(Items from a data source)
• • • • • • •

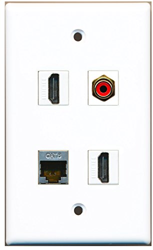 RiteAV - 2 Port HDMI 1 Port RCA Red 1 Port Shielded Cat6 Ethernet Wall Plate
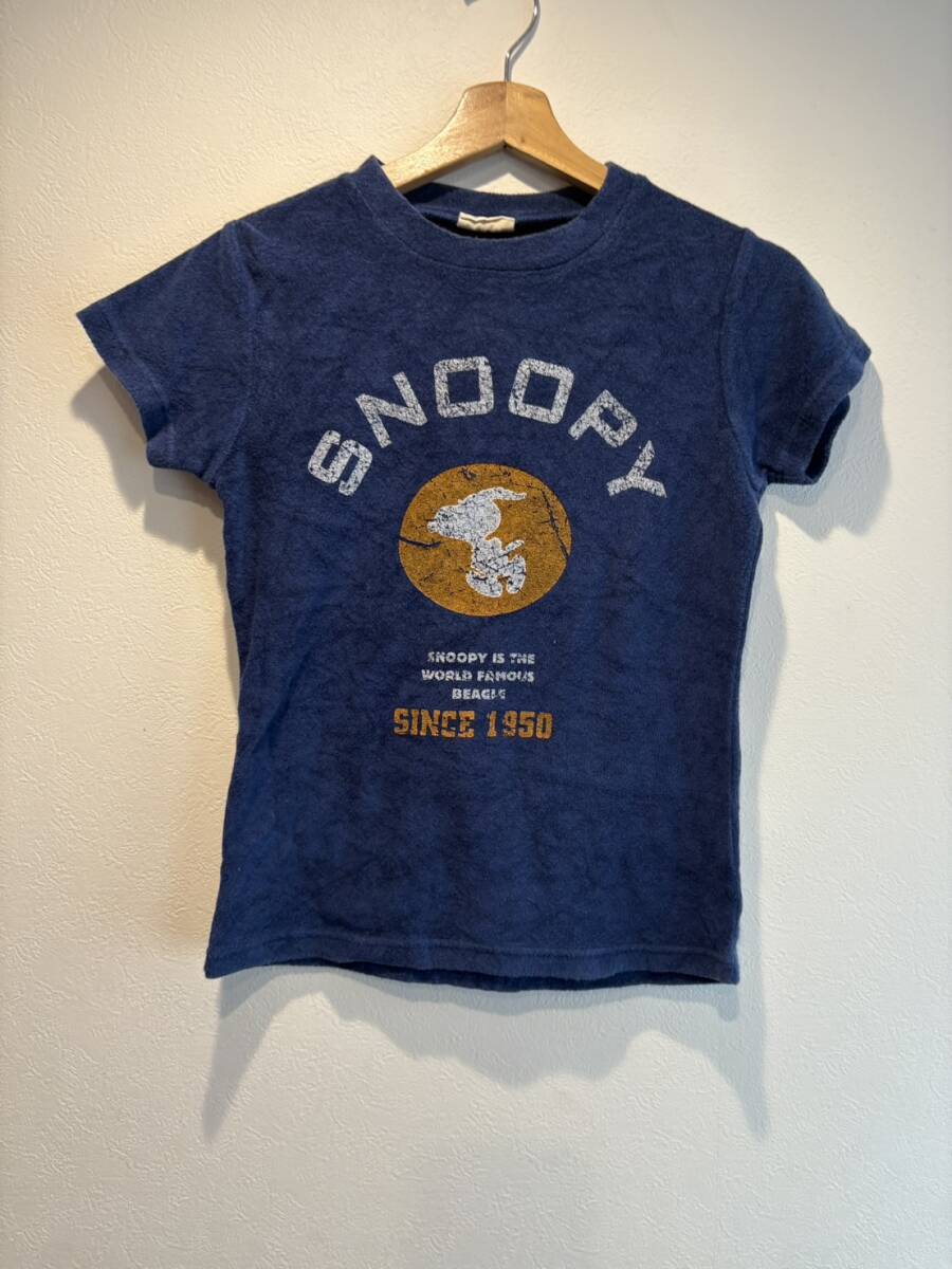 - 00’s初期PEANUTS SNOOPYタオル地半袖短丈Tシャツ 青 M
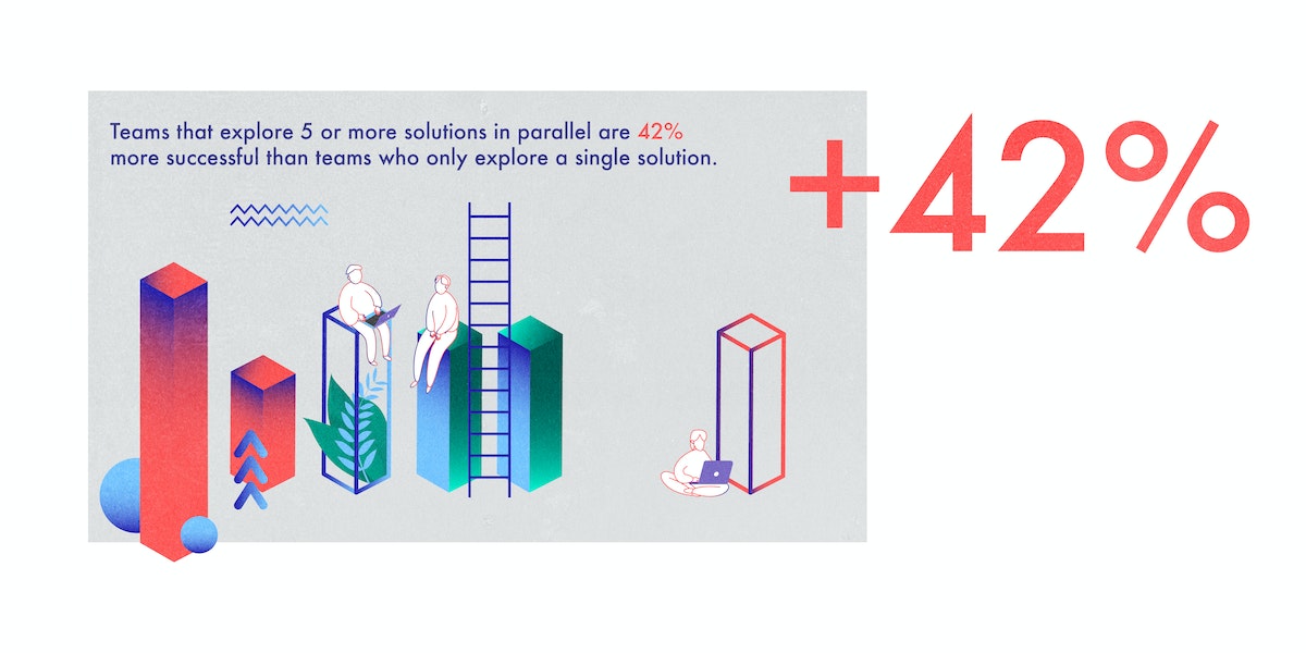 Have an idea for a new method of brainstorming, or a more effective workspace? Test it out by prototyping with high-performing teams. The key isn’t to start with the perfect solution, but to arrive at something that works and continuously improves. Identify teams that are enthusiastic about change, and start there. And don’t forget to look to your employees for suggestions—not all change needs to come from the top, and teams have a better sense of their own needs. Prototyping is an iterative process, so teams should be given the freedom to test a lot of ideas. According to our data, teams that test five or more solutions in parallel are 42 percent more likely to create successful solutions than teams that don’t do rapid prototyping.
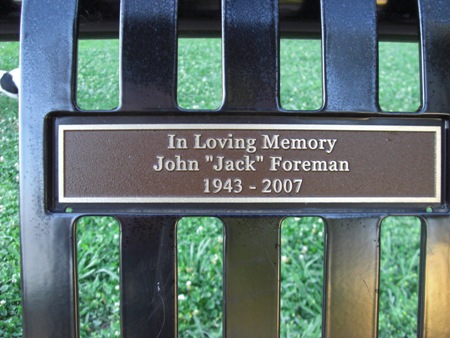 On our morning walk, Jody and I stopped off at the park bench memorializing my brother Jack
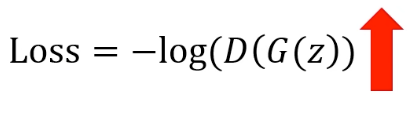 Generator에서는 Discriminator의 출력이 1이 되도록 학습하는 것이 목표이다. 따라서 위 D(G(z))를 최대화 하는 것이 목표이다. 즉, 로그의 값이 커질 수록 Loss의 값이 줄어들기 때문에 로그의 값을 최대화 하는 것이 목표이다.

• • • • • • •

If a picture appears among the records, leave it out, and otherwise reproduce exactly every line from the first line through the one with "Have an idea", both included.

ANSWER FOR THIS EXERCISE:
 RiteAV - 2 Port HDMI 1 Port RCA Red 1 Port Shielded Cat6 Ethernet Wall Plate
 - 00’s初期PEANUTS SNOOPYタオル地半袖短丈Tシャツ 青 M
 Have an idea for a new method of brainstorming, or a more effective workspace? Test it out by prototyping with high-performing teams. The key isn’t to start with the perfect solution, but to arrive at something that works and continuously improves. Identify teams that are enthusiastic about change, and start there. And don’t forget to look to your employees for suggestions—not all change needs to come from the top, and teams have a better sense of their own needs. Prototyping is an iterative process, so teams should be given the freedom to test a lot of ideas. According to our data, teams that test five or more solutions in parallel are 42 percent more likely to create successful solutions than teams that don’t do rapid prototyping.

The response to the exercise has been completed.